PENTINGNYA PENGAWASAN DI INSPEKTORAT

Pendahuluan  

Pengawasan pada hakekatnya merupakan fungsi yang melekat pada seorang leader atau top manajemen dalam setiap organisasi, sejalan dengan fungs-fungsii dasar manajemen lainnya yaitu perencanaan dan pelaksanaan. Demikian halnya dalam organisasi pemerintah, fungsi pengawasan merupakan tugas dan tanggung jawab seorang kepala pemerintahan, seperti di lingkup pemerintah provinsi merupakan tugas dan tanggung jawab gubernur sedangkan di pemerintah kabupaten dan kota merupakan tugas dan tanggung jawab bupati dan walikota. Namun karena katerbatasan kemampuan seseorang, mengikuti prinsip-prinsip organisasi, maka tugas dan tanggung jawab pimpinan tersebut diserahkan kepada pembantunya yang mengikuti alur distribution of power sebagaimana yang diajarkan dalam teori-teori organisasi modern.

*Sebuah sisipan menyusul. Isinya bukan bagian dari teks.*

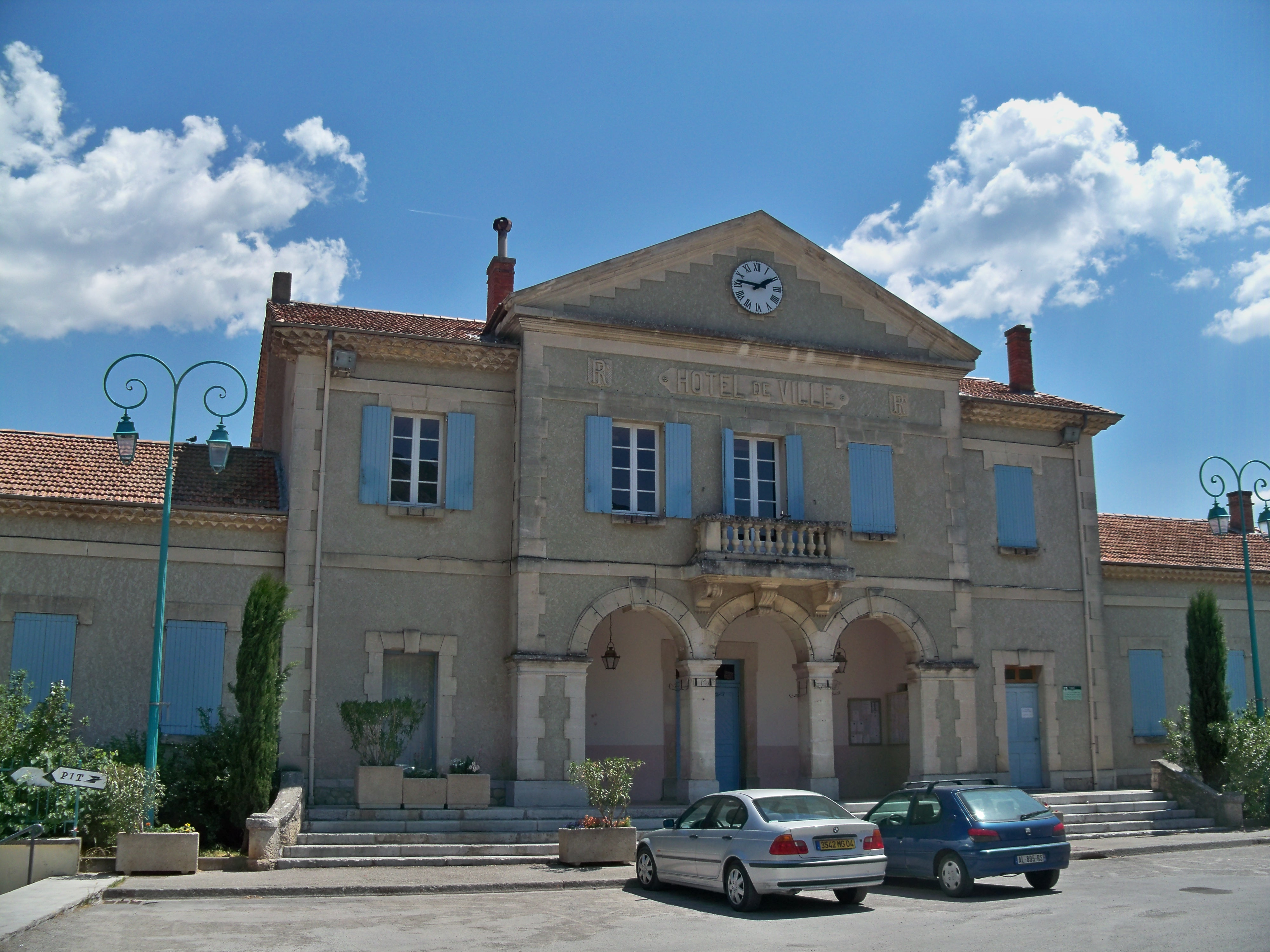 Volx town hall

Maksud pengawasan itu dalam rumusan yang sederhana adalah untuk memahami dan menemukan apa yang salah demi perbaikan di masa mendatang. Hal itu sebetulnya sudah disadari oleh semua pihak baik yang mengawasi maupun pihak yang diawasi termasuk masyarakat awam. Sedangkan tujuan pengawasan itu adalah untuk meningkatkan pendayagunaan aparatur negara dalam melaksanakan tugas-tugas umum pemerintahan dan pembangunan menuju terwujudnya pemerintahan yang baik dan bersih (good and clean government)

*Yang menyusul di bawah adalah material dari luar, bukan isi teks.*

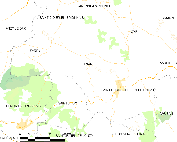 Map of French municipality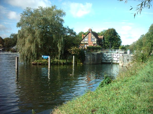 Picture of Bray lock in the River Thames, Berkshire (near to Maidenhead). Taken by Robert Neild 2004.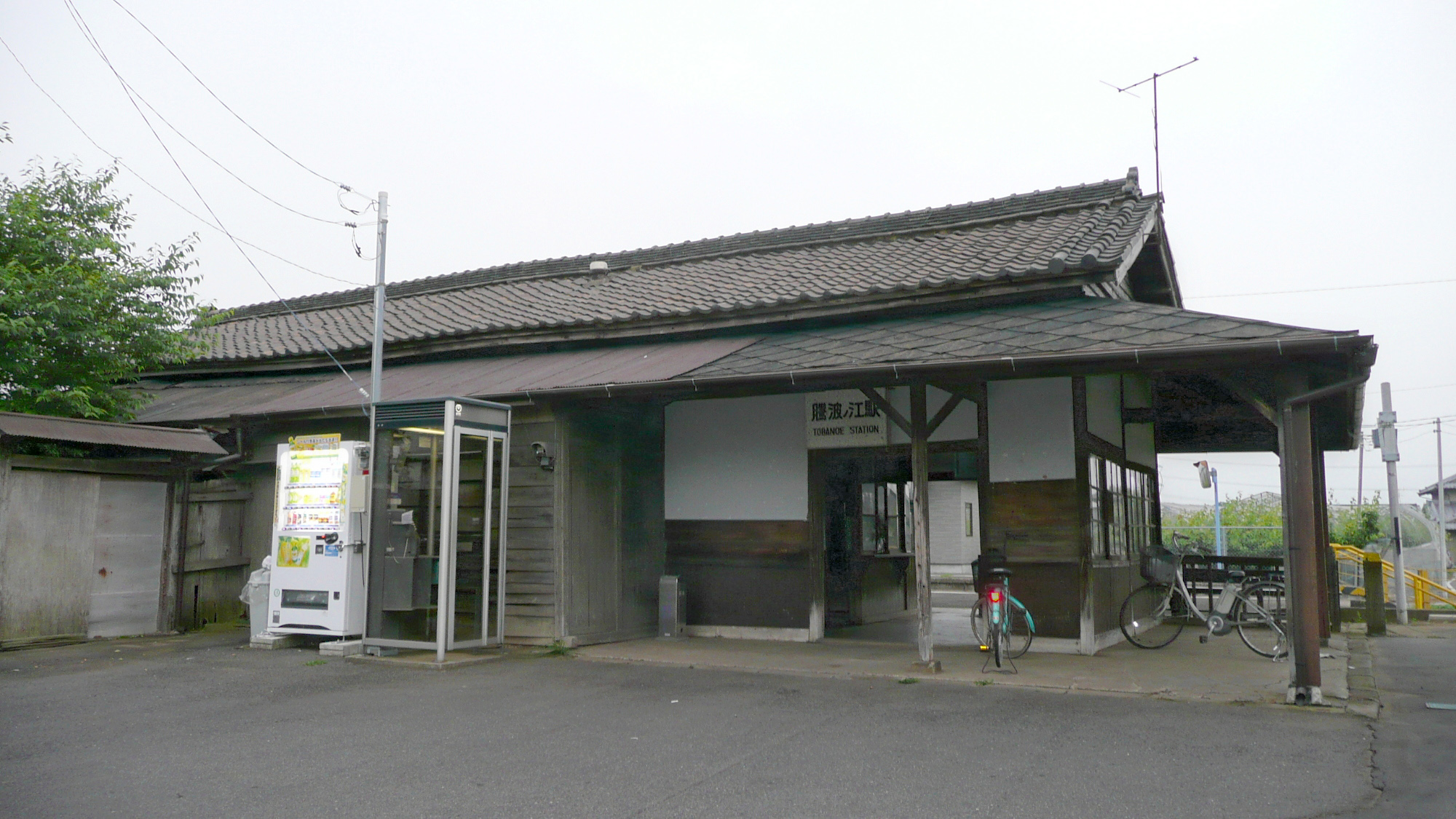 Kanto Railway Tobanoe Station old building

Seiring dengan semakin kuatnya tuntutan dorongan arus reformasi ditambah lagi dengan semakin kritisnya masyarakat dewasa ini, maka rumusan pengawasan yang sederhana itu tidaklah cukup dan masyarakat mengharapkan lebih dari sekedar memperbaiki atau mengoreksi kesalahan untuk perbaikan dimasa datang, melainkan terhadap kesalahan, kekeliruan apalagi penyelewengan yang telah terjadi tidak hanya sekedar dikoreksi dan diperbaiki akan tetapi harus diminta pertanggungjawaban kepada yang bersalah. Kesalahan harus ditebus dengan sanksi/hukuman, dan  bila memenuhi unsur tindak pidana harus diproses oleh aparat penegak hukum, sehingga membuat efek jera bagi pelaku dan orang lain berpikir seribu kali untuk melakukan hal yang sama, sehingga praktek Korupsi, Kolusi dan Nepotisme (KKN) menjadi berkurang dan akhirnya hilang. Hal seperti itulah yang menjadi cita-cita dan semangat bangsa Indonesia yang tercermin dalam Undang-undang Nomor 28 tahun 1998 tentang Penyelenggaraan Pemerintahan yang bersih dan bebas Korupsi, Kolusi dan Nepotisme (KKN).

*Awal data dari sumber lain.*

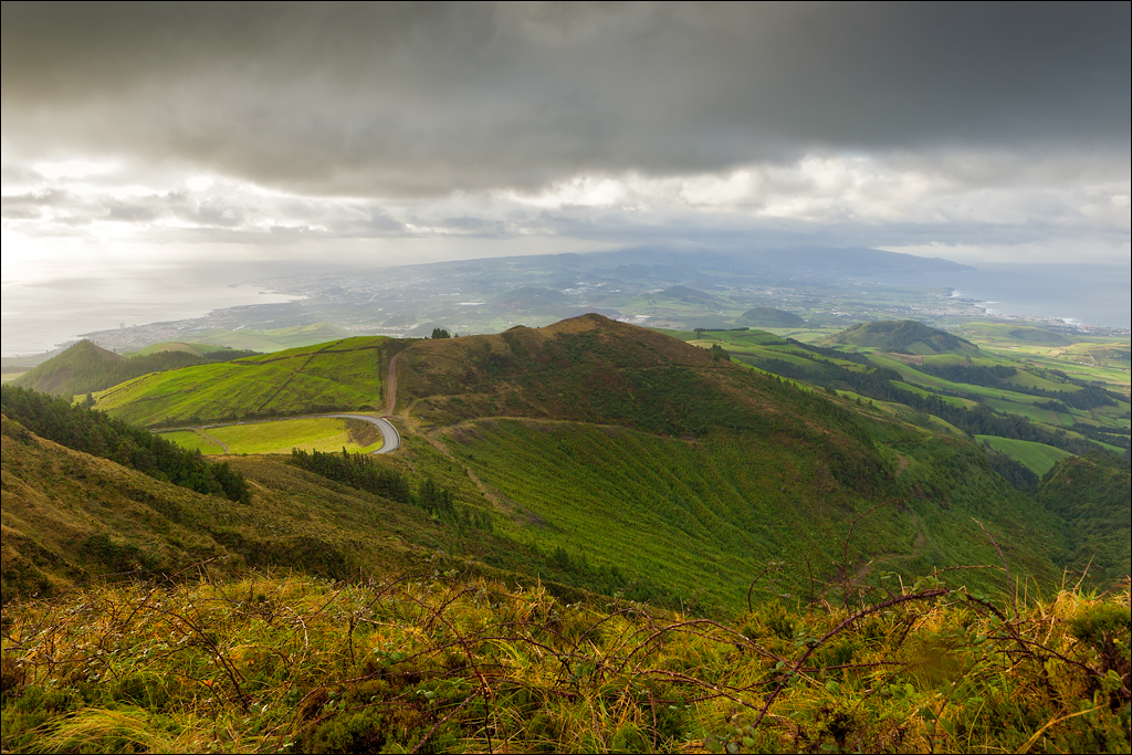 View to the west part of São Miguel island (Azores)

Salah satu tuntutan masyarakat untuk menciptakan good governance dalam penyelenggaraan pemerintahan daerah adalah kiprah institusi pengawas daerah. Sehingga masyarakat bertanya dimana dan kemana lembaga itu, sementara korupsi merajalela. Masyarakat sudah gerah melihat prilaku birokrasi korup, yang semakin hari bukannya kian berkurang tetapi semakin unjuk gigi dengan perbuatannya itu. Bahkan masyarakat memberi label perbuatan korupsi itu sebagai kejahatan yang “luar biasa“, dan biadab, karena diyakini hal itu akan menyengsarakan generasi dibelakang hari. Sampai-sampai masyarakat berfikir untuk membubarkan institusi pengawas daerah tersebut karena dinilai tidak ada gunanya, bahkan ikut menyengsarakan rakyat dengan menggunakan uang rakyat dalam jumlah yang relatif tidak sedikit.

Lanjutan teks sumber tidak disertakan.